People shared the most abominable things they’ve seen at a UK festival and you might need a shower after this little lot (NSFW!)
11.
‘An old friend of mine at Secret Garden Party about 10 years ago, out her mind on acid and was in a portaloo trying to pull out her tampon which she was convinced had gotten too far up inside her. Leaning on the door, it fell open and she fell into the mud with her bloodied hand still up there.

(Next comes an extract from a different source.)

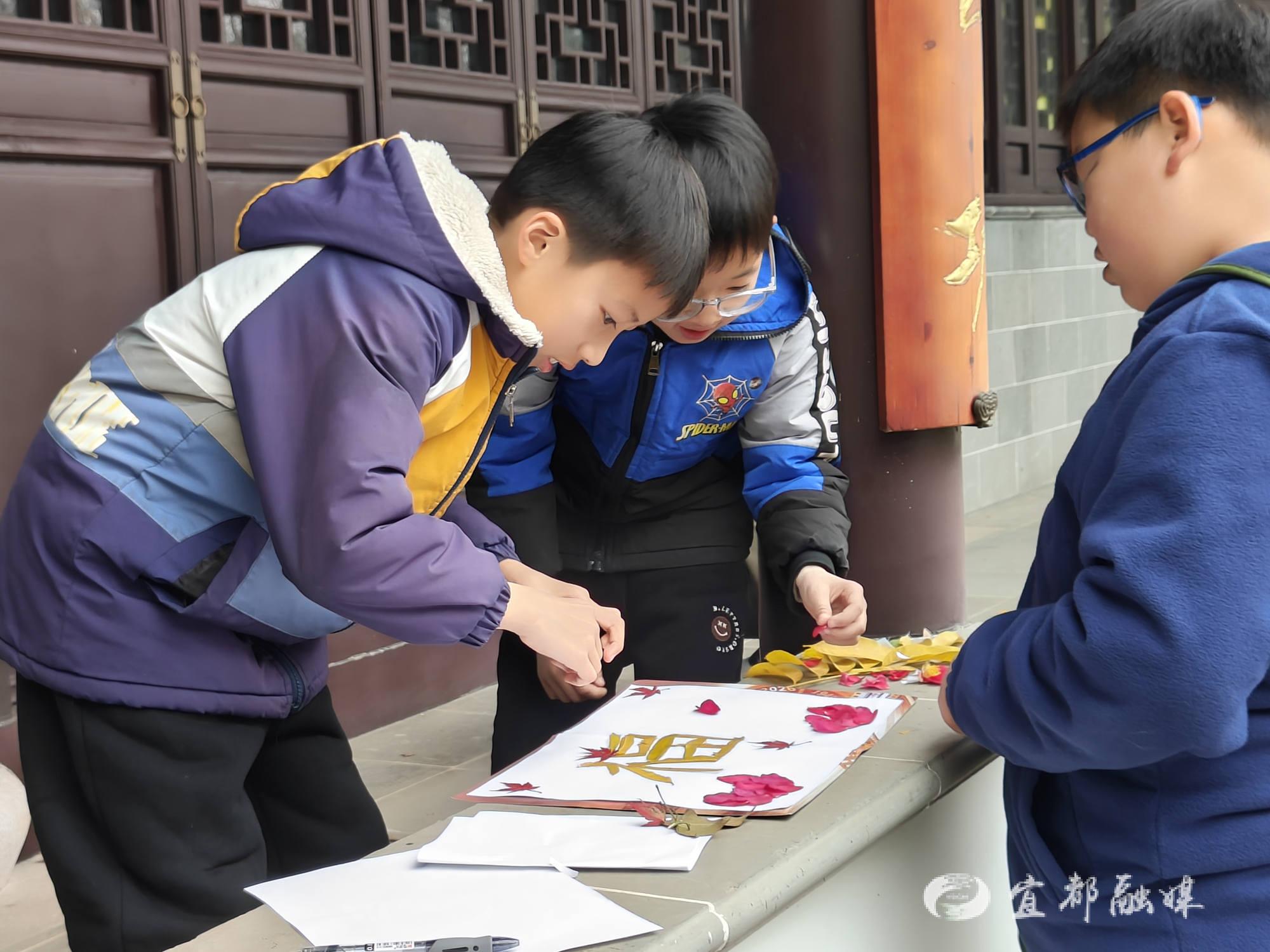 在丹阳书院的课堂上,吴天祥小组的志愿者不仅教孩子们树叶贴画,更将本地文化融入其中。在参观书院、了解王永彬生平的过程中,志愿者们用生动的语言,将“围炉夜话”的故事娓娓道来,让孩子们感受先贤的思想光华,让传统文化的种子在他们心中生根发芽。

Recounting this story by our tents later that night, she stopped suddenly… stared into space for a moment and then burst out laughing, fully in hysterics. Upon gathering gathering herself she explained with tears in her eyes that she had pulled the tampon out hours before the portaloo incident in the middle of a techno tent and hurled it aimlessly over her head into the crowd.’
–Raisinization
12.
‘That year at Glastonbury festival (late 90s I think) when the sanitation lorry was called in to suck rain water out of the dance tent. Except the operator accidentally set it to blow. It blew the contents of several long drops into the tent and put it out of action for a while.’
–crankgirl
13.
‘Fairly tame for this thread, but every year on the Sunday, Wilderness has a fancy dress cricket match. The scoreboard shows runs, overs, wickets and streaks. There were about 130 of the latter this year. At one point three women and three men were dancing naked on the pitch, so the DJ sticks the Macarena on. No lie, within 30 seconds there were 50 or 60 naked people on the pitch doing the Macarena.’
–allcretansareliars
14.
‘Bloke walks past with a high Vis on and a green wheelie bin. We needed directions to a certain stage so asked, he said don’t work here mate the high Vis is just for show, opened his bin lifted out a bin bag and underneath was crate upon crate of drink. He said ‘just got to look the part and they let you straight in’.’
–wellrod
15.
‘We were sat around our camp.having lunch when two guys came back to their nearby tent. One of the guys bent down to open the flap of the tent and I don’t know if he was lighting a cigarette at the time or what, but there was a WHOOMPH and the tent just disappeared in a fireball. He stood there staring in shock at the still-standing poles of the tent, melted nylon hanging off them, melted sleeping bags lying on the floor. Their camp stove had been left on or had leaked, and the tent had filled up with gas in their absence.’
–Rich6-0-6
16.
‘Someone paraglided over the Glastonbury fences and landed in the stone circle. He then sprinted off into the crowds.’
–Atoz_Bumble
17.
‘Saw a guy dressed as Peter Griffin (full head PVC mask) walking across the village, then out of nowhere a guy in a chicken costume attacks him – simultaneously security tackle chicken guy to the ground. Peter Griffin threw a good few punches not realising what was happening, he couldn’t see very well and didn’t get it was a joke, he thought he was being actually attacked. Both Peter and Chicken were fine!’
–NorthWestTown
18.
‘Not sure it fits, but we taped our mate to camp chair during Reading fest one year. We then decided to carry him to the main stage and proceeded to crowd surf him during 30 Seconds Till Mars. He got to the front and Jared Leto decided to put him on stage for a bit!’
–Zestyclose_Subject60
19.
‘T in the Park 2008. Muller Rice had a huge stall giving out free pots. It was a scorcher. The didn’t expect Muller Rice fights in the campsite. Hot Muller Rice everywhere. All over everyone’s tents. Disgusting and amazing at the same time.’
–baechesbebeachin
20.
‘Download 2010, dude walked into the middle of the pit, stripped completely naked, put a gas mask on and moshed his heart out the full set, then mask off, clothes on, and off into the sunset.’
–ok_nevermindagain
One user summed the whole sorry, disgusting mess up with the following comment…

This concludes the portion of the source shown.